While this is fine for reviewers, who are usually knowledgeable about the research area, a researcher working in an adjacent field may find the why behind the paper immediately inaccessible. I have experienced this first-person at conference presentations/posters where I get some quizzical glances as I try to explain where my research fits into and solves a problem.

In this post, I will try to explain the intuition behind one of my own papers. I hope to expand this to a series of posts where each post tackles a paper.

Offline Reinforcement Learning

Reinforcement learning (RL) formulates a decision-making process as a Markov decision process (MDP). There is plenty of literature out there that describes MDPs in better detail, such as Sutton and Barto.

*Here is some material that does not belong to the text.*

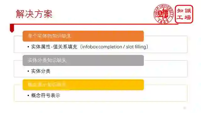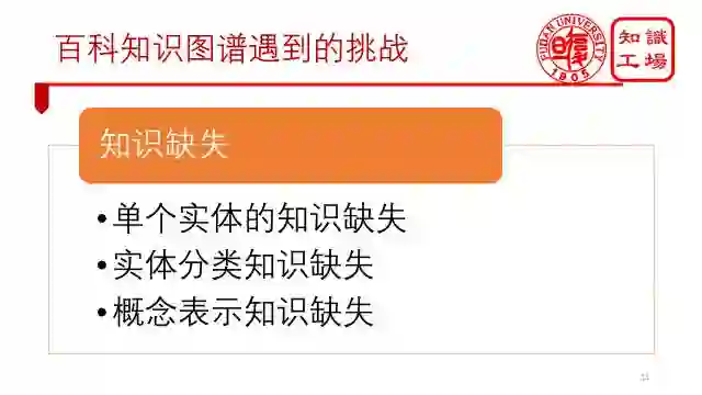 所有百科知识图谱都会面临的一个不可避免的问题就是知识缺失。因为我们的数据源是百科类网站,而它们很难做到完整。总体来说,包括三类知识缺失:
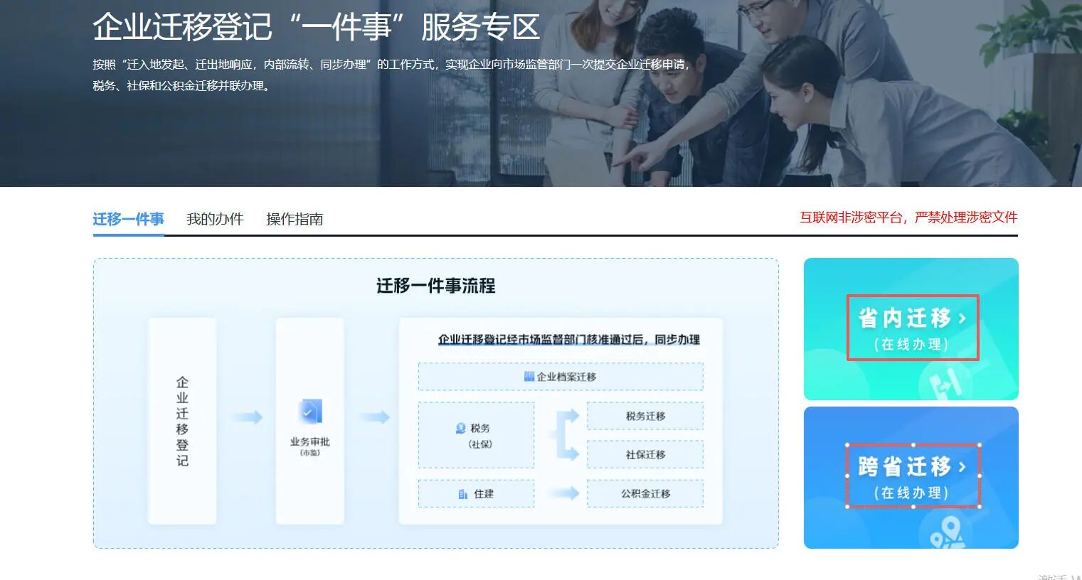 企业迁移也曾面临“往返跑、多头跑”的难题,如何让企业“安家落户”更高效便捷?为进一步深化“放管服”改革,持续优化营商环境,目前广东政务服务网企业迁移登记“一件事”服务专区,推进实现企业跨省迁移“一次申请、一次办结”。该功能整合企业迁移、住房公积金迁移、税务迁移和社保迁移等企业迁移事项,有效打通了企业跨省迁移的关键环节,切实解决了以往“多头申请、多次跑动”的难题,显著提升企业办事便利度。

Deep neural networks can extend RL to more interesting/challenging/realistic domains by replacing exact state-value tables with function approximators. Expanding the action space to infinity enables continuous control, but poses additional challenges. Also, as the state/action space grows, the curse of dimensionality means that function approximators increasingly extrapolate rather than interpolate and exponentially more data is needed for training.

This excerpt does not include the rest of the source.